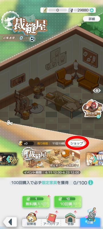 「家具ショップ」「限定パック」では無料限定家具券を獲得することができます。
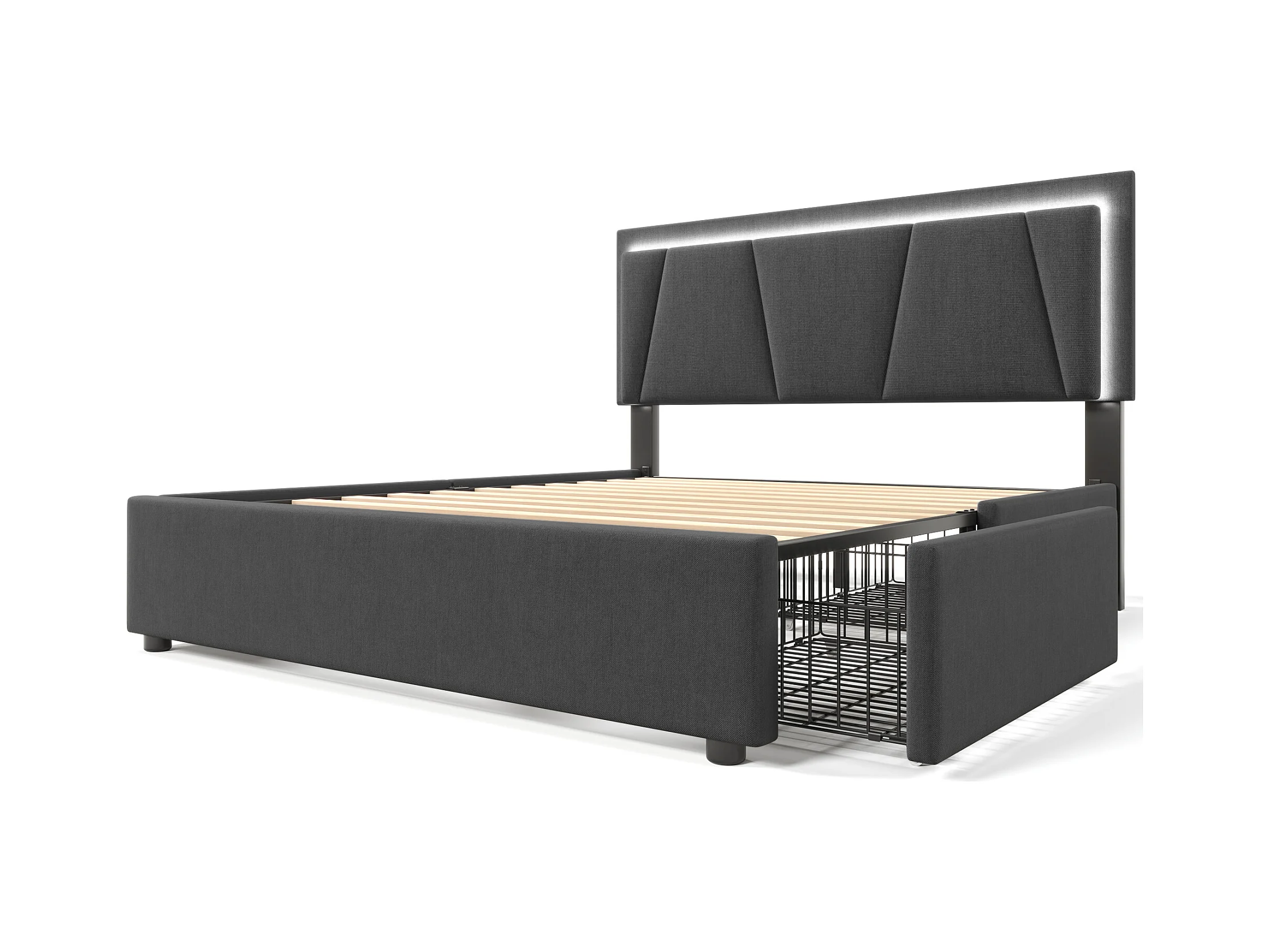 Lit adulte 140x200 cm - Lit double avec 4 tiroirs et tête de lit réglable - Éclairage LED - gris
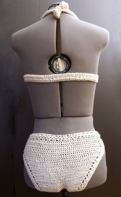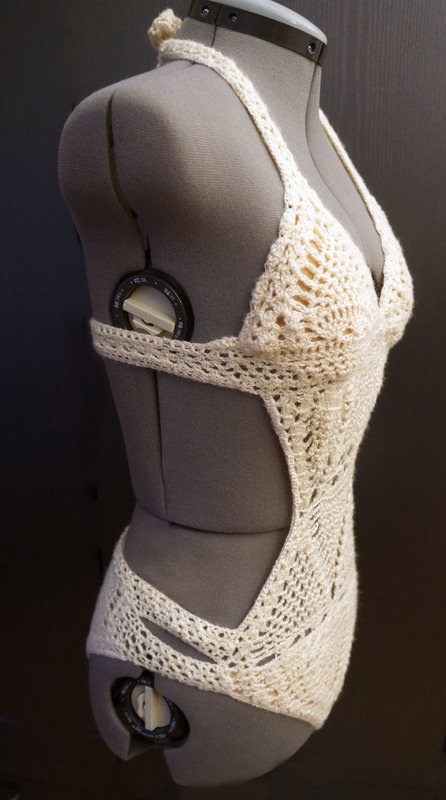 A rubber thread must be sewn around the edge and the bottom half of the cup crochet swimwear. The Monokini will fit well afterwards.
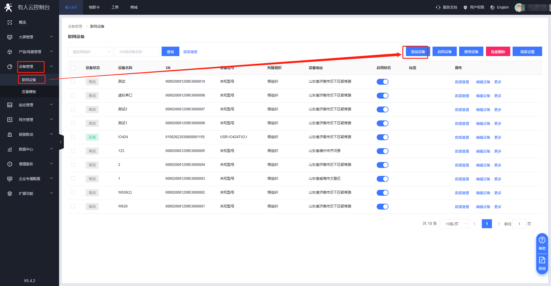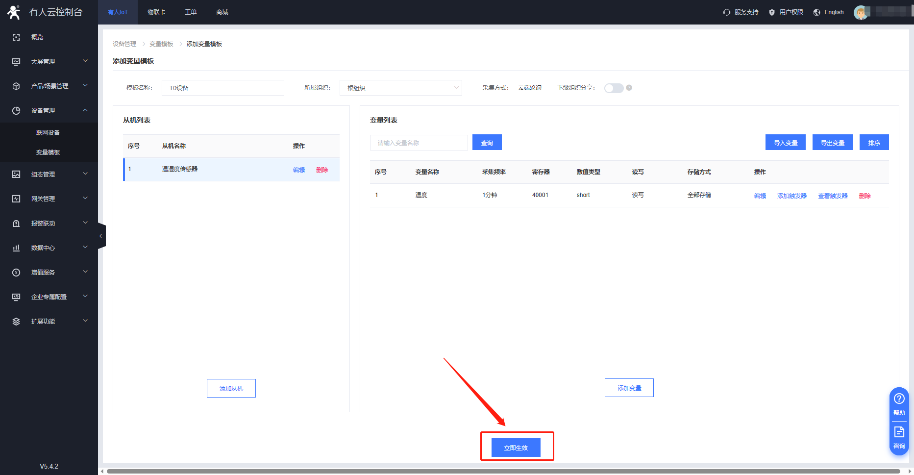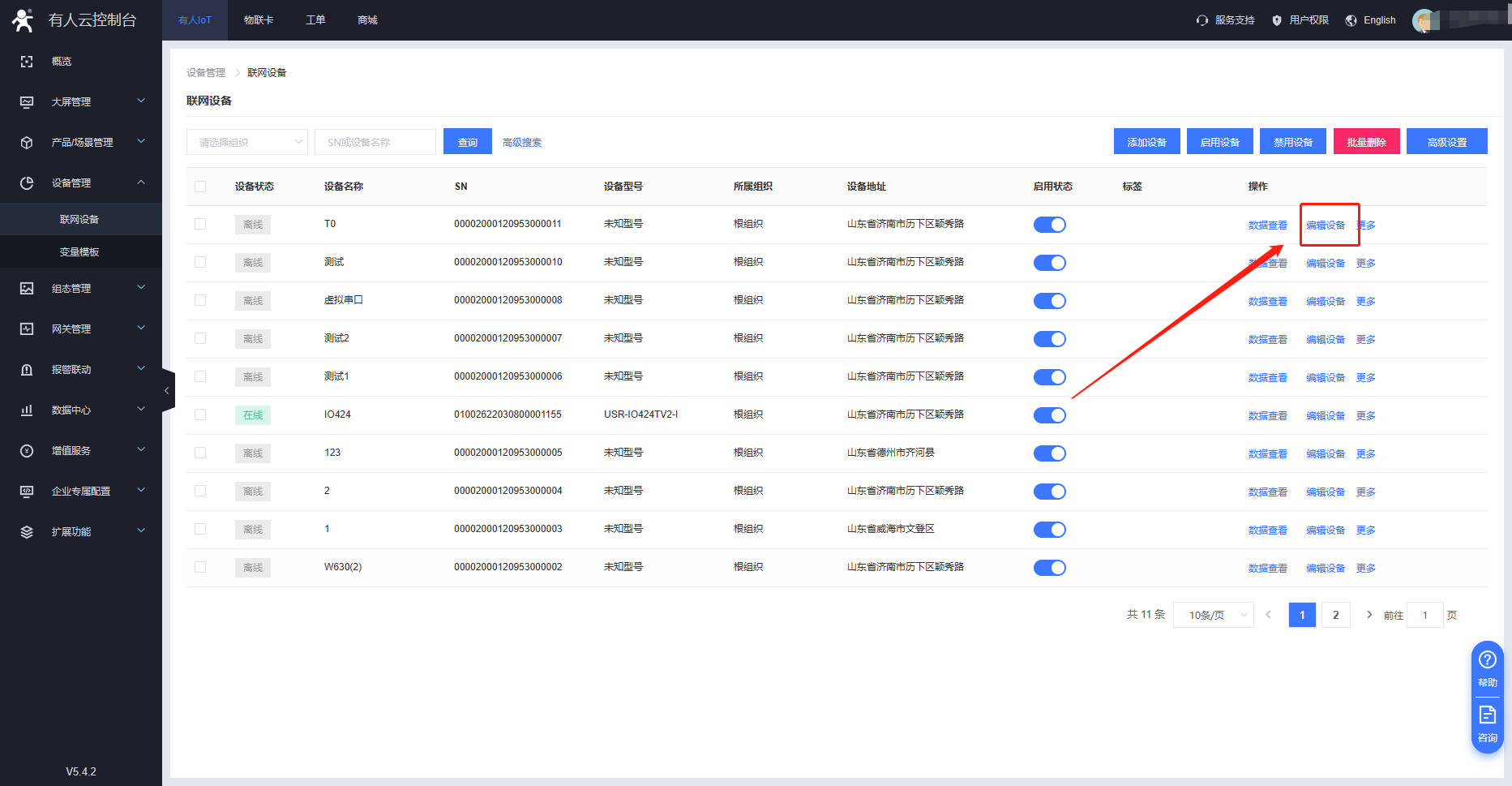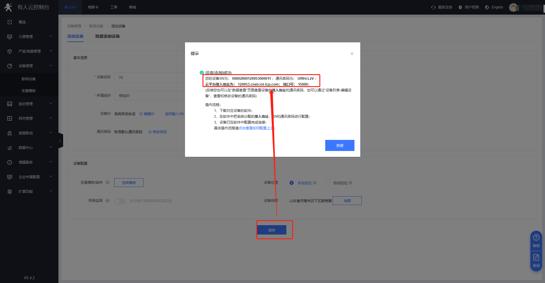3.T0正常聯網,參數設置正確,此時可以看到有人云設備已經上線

++++

• EXERCISE: Would you return the whole listing exactly, without the pictures?

• SOLUTION FOR THIS EXERCISE:
 「家具ショップ」「限定パック」では無料限定家具券を獲得することができます。
 Lit adulte 140x200 cm - Lit double avec 4 tiroirs et tête de lit réglable - Éclairage LED - gris
 A rubber thread must be sewn around the edge and the bottom half of the cup crochet swimwear. The Monokini will fit well afterwards.
3.T0正常聯網,參數設置正確,此時可以看到有人云設備已經上線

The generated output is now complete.